In the fall of 1936, the young man began attending the fundamentalist school, Bob Jones College, in Cleveland, Tennessee. He had begun to consider the possibility of becoming some kind of Christian worker. However, he could not adjust to campus life at Bob Jones and left after a few months. He transferred in January of 1937 to Florida Bible Institute (now Trinity College) from which he graduated in 1940 with a BTh (Bachelor of Theology degree). While at FBI, he became convinced that he should be baptised by immersion as an adult and Rev. John Minder, vice-president of FBI, presided at the sacrament.
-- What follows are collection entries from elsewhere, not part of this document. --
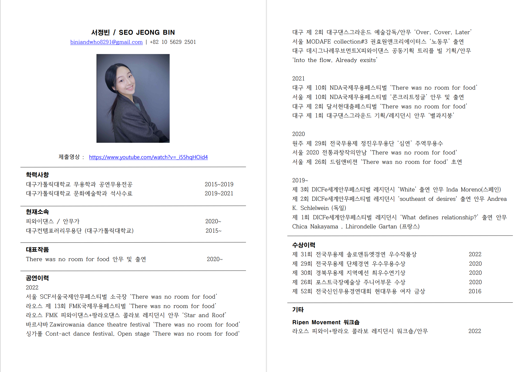 * 무용레지던스안무작업 1. 연습시간 / 안무비 / 기획의도 등은 별도의 협의 후 가능 |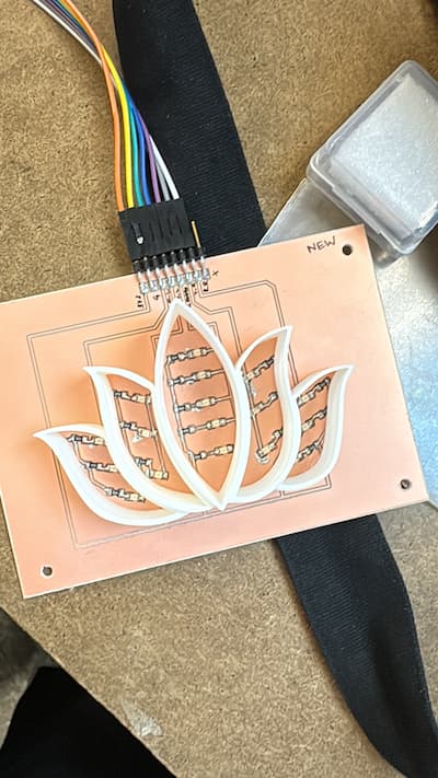 The biggest aeshetic elements were printing a really thin lotus to enclose the LEDs, putting it on a laser cut sheet of acrylic to diffuse the light. And then I also vinyl cut a sticker of a peacock to put on top of the box with Shah's help.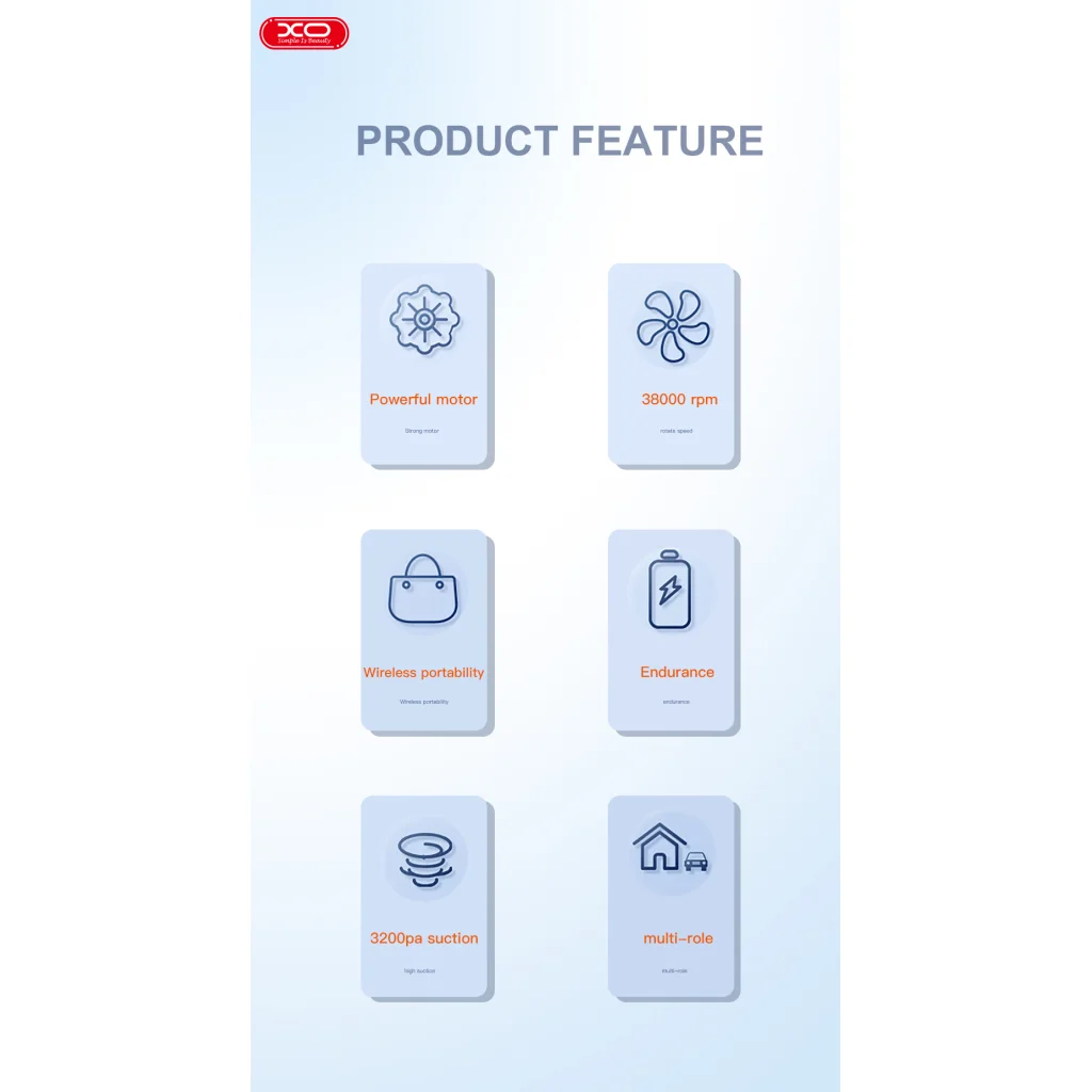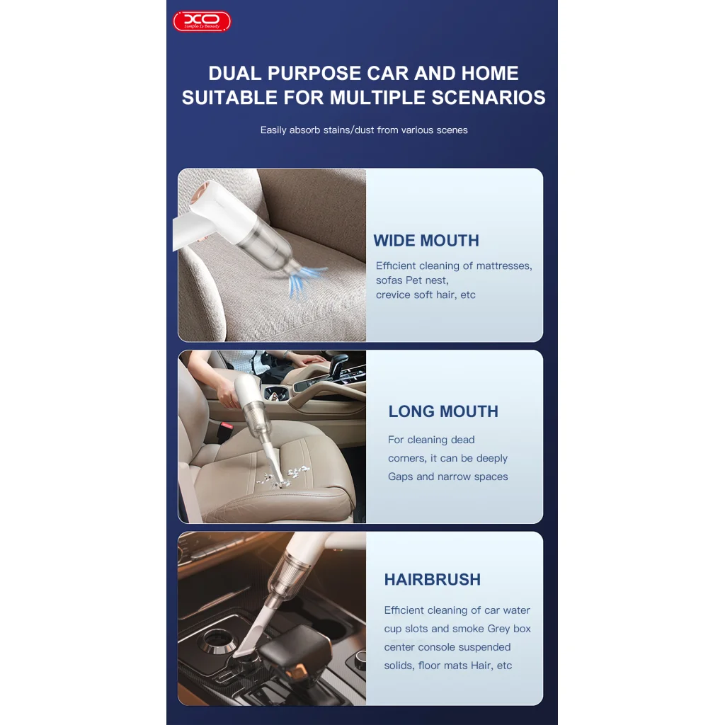 Autós porszívó XO CZ007 fehér vezeték nélküli 3200pa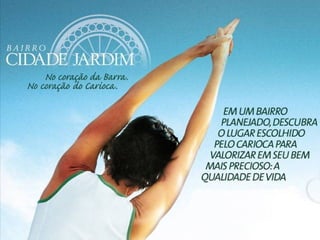 O documento descreve o empreendimento Cidade Jardim, localizado na Barra da Tijuca, Rio de Janeiro. O projeto inclui um parque de 100 mil m2 com diversas áreas de lazer ao ar livre, além de três edifícios residenciais com opções de plantas de 2, 3 e 4 quartos entre 74 e 115m2.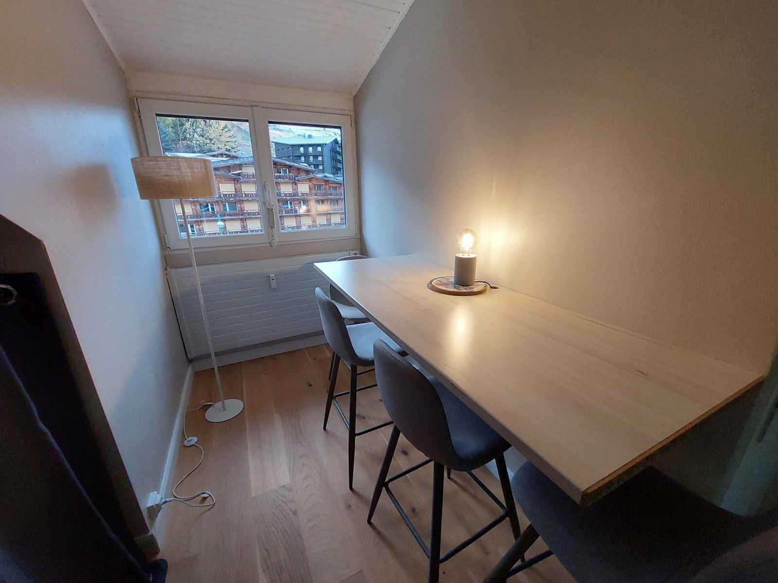 plaque vitrocéramiques, micro-onde combiné four, réfrigérateur, cafetière, bouilloire, grille-pain, Appareil à raclette Couchages : -Mezzanine: 2 Lits double (140 x 200) Mezzanine accessible par un escalier sans garde-corps Sanitaires : Salle d'eau avec douche et WC Divers : Casier à ski Lave-linge Animaux refusés Volet roulant électrique/manuel Accès au parking collectif de l'immeuble, place non garantie Le linge de lit, le linge de maison, les serviettes, le wifi ainsi que le ménage de fin de séjour ne sont pas inclus (à réserver au plus tard le jour de votre arrivée et sous réserve de disponibilité).

He began preaching on street corners and at rescue missions and small churches. In December, 1938, while he was leading a series of meetings at the Peniel Baptist Church in East Palatka, Florida, he was baptized again by the church's pastor, Rev. Cecil Underwood (a Southern Baptist), in Silver Lake. He agreed to the baptism to be acceptable to Southern Baptists and at this time began his life-long membership in the Southern Baptist Convention. In February of the next year, he was ordained by Rev. Underwood and other local pastors as a Southern Baptist minister in the St. John's River Association. While still in Florida, he met members of the family of V. Raymond Edman, the president of Wheaton College in Wheaton, Illinois. They praised Graham's preaching ability and Christian character to Edman, who then arranged for him to attend Wheaton. Graham attended from 1940 to 1943, when he graduated with a BA in anthropology. He became pastor of the United Gospel Tabernacle while still a student and also had other preaching engagements.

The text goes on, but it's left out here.